WBPP後のカラーバランスに影響するため、意図的に色を管理したい場合 に意味を持つ項目です。

迷う場合は、
👉 デフォルトのままでOK です。

Save groups on exit

何が保存されるか

WBPP終了時に、

  • グループ分け情報
  • 設定状態

を保存します。

次回WBPPを開いたときに前回の状態を引き継げる ため、基本的には ON を推奨します。

Smart naming override

ファイル名の制御

WBPPが自動生成するファイル名のルールを上書きするための設定です。

通常はWBPPの命名規則で十分なため、特別な理由がなければ触らなくてOK な項目です。

Purge cache

キャッシュの削除

WBPPが内部で保持しているキャッシュを削除します。

  • 動作が不安定になったとき
  • 過去の設定が残っている気がするとき

に使う トラブルシュート用 のボタンです。

Global Options は、

  • 画質を直接左右する
  • パラメータを追い込む

ための場所ではありません。

むしろ、

WBPP全体が“どう動くか”を決める環境設定

という位置づけです。

多くの場合は、

  • デフォルト設定
  • Global Pref
  • 保存系は ON

この状態で問題なく運用できます。

まとめ

Global Options は
「WBPPをどういう思想で動かすか」を決める場所です。
個別の結果を変えるというより、処理の安定性・再現性・管理のしやすさ に効いてきます。

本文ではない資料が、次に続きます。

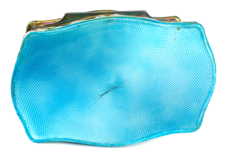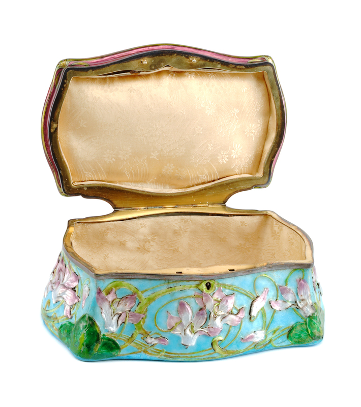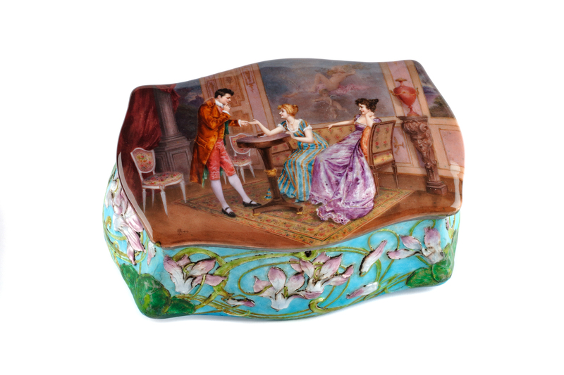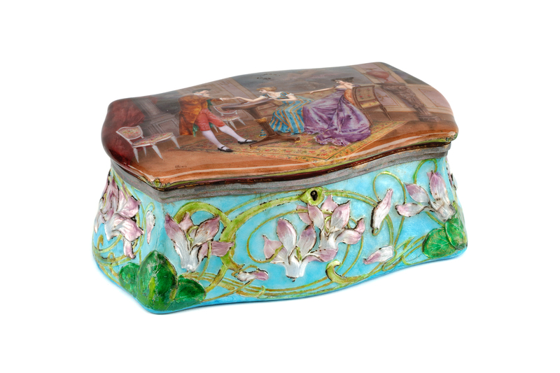An Austrian Enameled Silver Jewelry Box, , of serpentine outline, the hinged top enameled to show a gentleman and two ladies in an inte

まずは「何が書いてあるのか」「何を決めているのか」を理解するだけで十分。

✅ 基本的にON推奨

  • Detect masters from path
  • Generate rejection maps
  • Save groups on exit

⚠️ 状況によりON/OFF

  • Preserve white balance
  • Smart naming override

必要になったときに、このページへ戻って確認できるようにしておきましょう。